Sometimes the questions are more complicated than the answers. You just have to know where to look. Is nuclear power safe? This Japan disaster is terrible and doesn’t seem to be over. My point here is, the answer to this complicated question is very simple once you discover that you can’t buy insurance for a nuclear power plant. It’s just not possible!
Insurance companies are very smart people. If there was the slightest chance of making money at it, they will do it. But with nuclear power they can’t see how it’s going to end well. So, no insurance. Questions are only complicated if you’re looking for answers in the wrong places. Nuclear power plants are probably not safe!
Management is often like that. Management is complicated only by where you choose to look for answers. I’ve written twenty one recommendations (below) to managers about the hiring process. When we hire, we determine the fate of our departments, our company. It’s all talent, even the guy driving the forklift. People make, or break your company.
Click the link below for the my complete paper, 21 points, “A letter to a young general manager, about the process of hiring people.” Read it, pass it on to your group. Every word is hard won experience.
On July 13th, Surrey, we’re doing a seminar on sales. Title, “Sales process engineering.” About designing and building a foundation business acquisition system for your company, or for yourself, that will reliably and predictably manufacture sales.
See you for breakfast,
Wolfgang
A letter to a young general manager, about the process of hiring people.

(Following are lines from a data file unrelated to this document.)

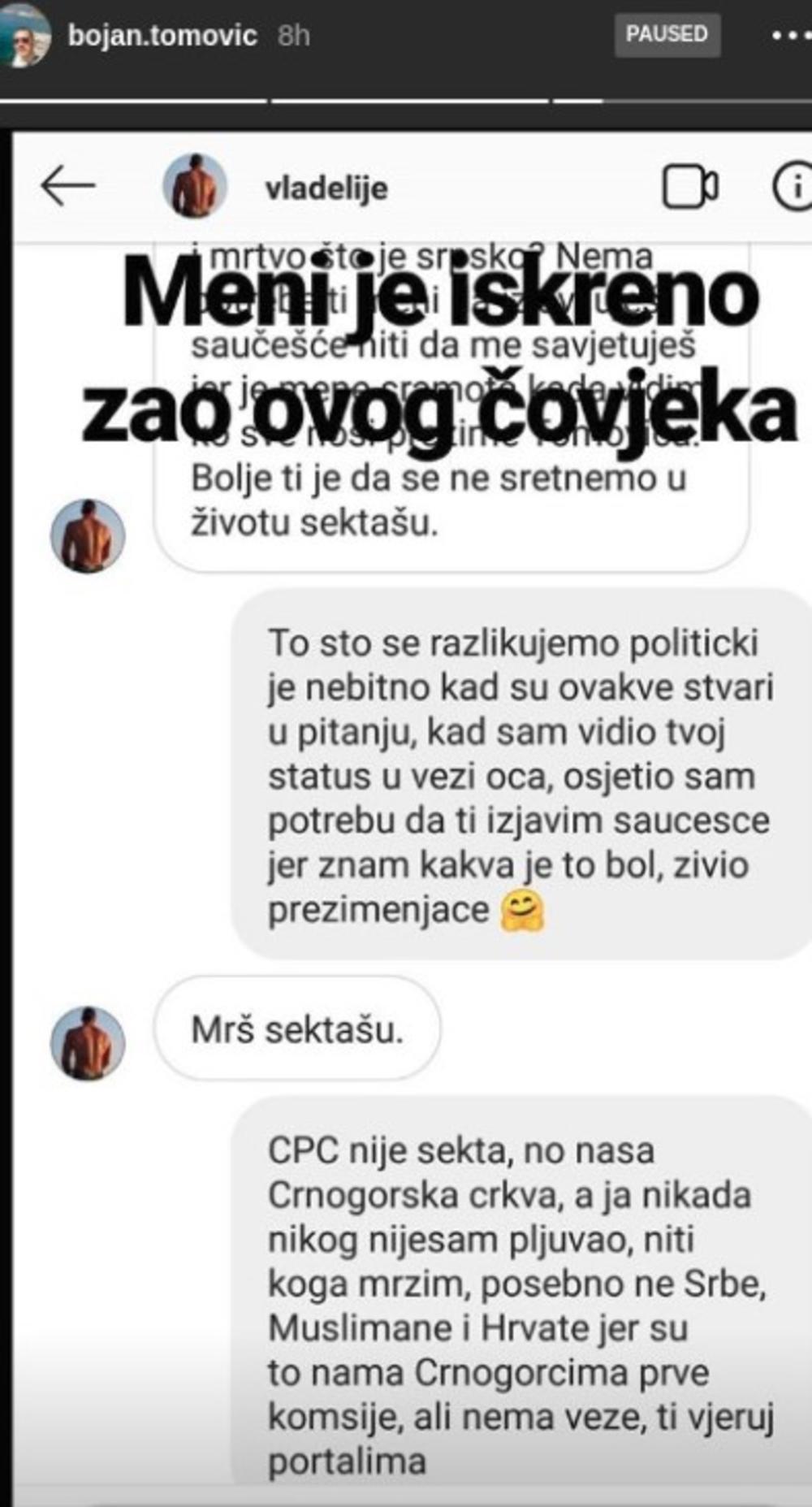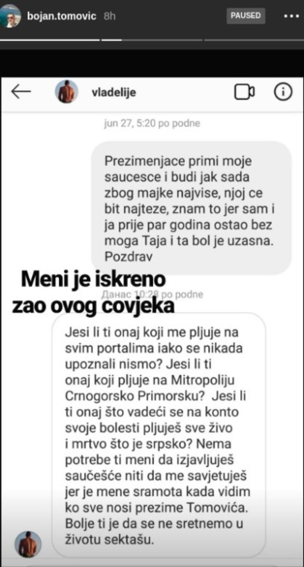 Naime, putem Instagrama izjavio saučešće Vladimiru Tomoviću za smrt oca, s kojim, osim istog prezimena, nema ništa zajedničko.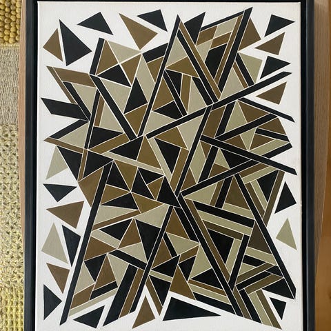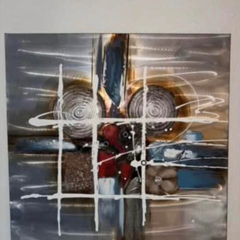 Maleri til ophæng på væg. Motivet er et farverigt, grafisk billede i stærke kontrastfarver. Egnet til brug i stue, kontor eller andre opholdsrum som dekorativ vægkunst. Kan hænges alene eller indgå i en billedvæg sammen med andre kunstværker.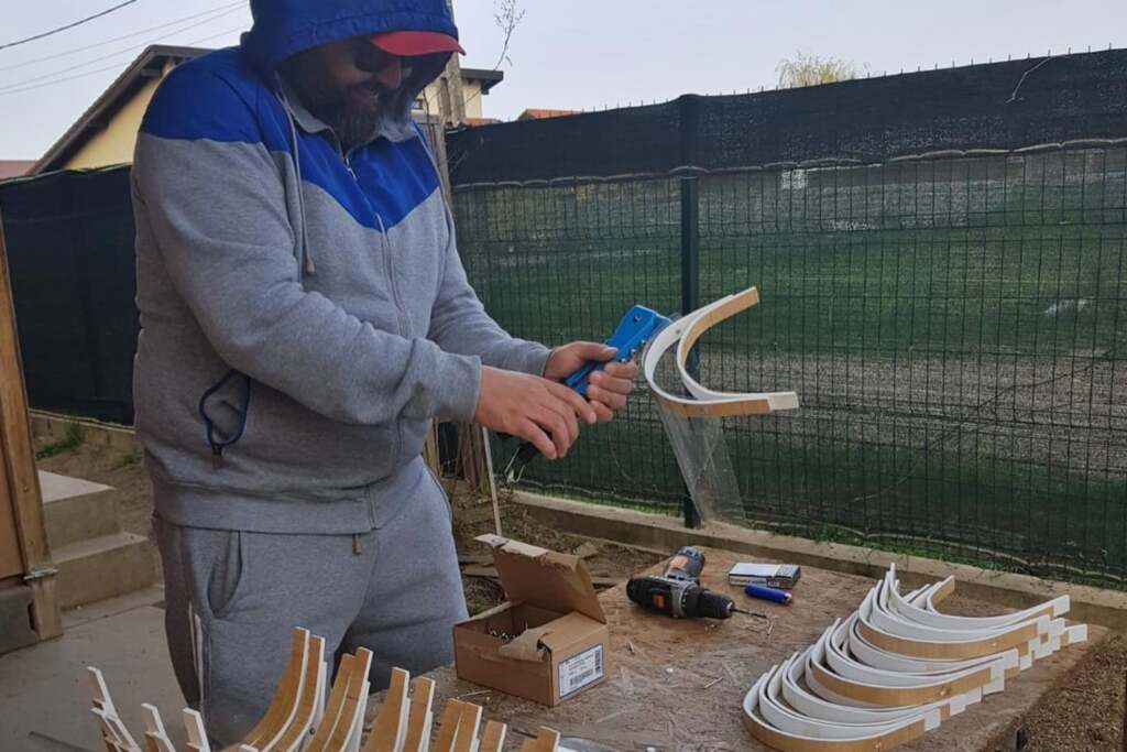 Ovidiu a făcut și viziere pentru doctori, aproximativ 1.500 până acum, dar nu a mai găsit material pentru astfel de materiale de protecție. Așa că acum face porți pentru decontaminare.

- Stop looking for the best candidate. Start looking for the right candidate.
Trying to find the best candidate sounds like a good idea but it isn’t. You’re supposed to find the right candidate, not the best candidate.
Reality shows like the Bachelorette have a low relationship success rate because the bachelorette is comparing the guys against each other and not against her needs. We’ll know when it’s going to be a good relationship. When the bachelorette, picks her guy, marries him and aborts the rest of the show, we know she’s stopped comparing and has found what’s right for her.
Compare the candidate to what this company needs. Comparing candidates to each other is what you do when you don’t know what you’re looking for. Know the territory and hire the right person.
- Why candidates sometimes don’t show up for interviews.
I’ve learned candidates don’t show up because they’ve lost faith in the process or the succession of people they’ve been exposed to in our company.
Often candidates speak to HR, and like what they hear. They then speak to a manager, and they’re impressed. Finally, they get to speak to the supervisor they’ll be reporting to and their enthusiasm starts to fade.
Different people in our company view new hires differently. Often a smart, A-string candidate will make a lot of our existing employees nervous. Supervisors can feel challenged. Other times supervisors are overworked and sound uninterested, they spiel off endless job requirements and skills questions over the phone, and finally agree to see the person. Highly skilled people won’t put with being treated disrespectfully and many chose not to go through with the interview.
People always show up if they want to. No shows are our fault, fix it.
- Be careful with employee referral candidates.
Familiarity has not yet replaced competency in this company. We don’t care through which gate the candidate arrives at our hiring desk. We only care that everyone crosses the finish line.
Our staff, as much as we love them, are not qualified to know whether someone they know would make a good hire or not. Many people referred Bernie Madoff to their friends and helped him steal their money as well. Well intentioned people tend to be wrong a lot.
Treat referrals with greater scrutiny than you would a cold resume application. Make your own decisions and don’t let referrals blur your judgement.
A warning. Referrals tend to absorb more amounts of higher level time than they should. Too many referrals go up to executive interviews when someone should have “deleted” the resume as soon as it was submitted. What referrals tends to be missing is a critical block of required experience, and nobody spots it until ten thousand dollars of company time, resources, testing, etc. have been wasted, - if they spot it at all.
Referrals often come with promoters. Those people who badger you about seeing their friend or colleague because he’s “such a great person.” Neutralize them, hide behind the committee excuse. “The hiring committee has not given me a green light.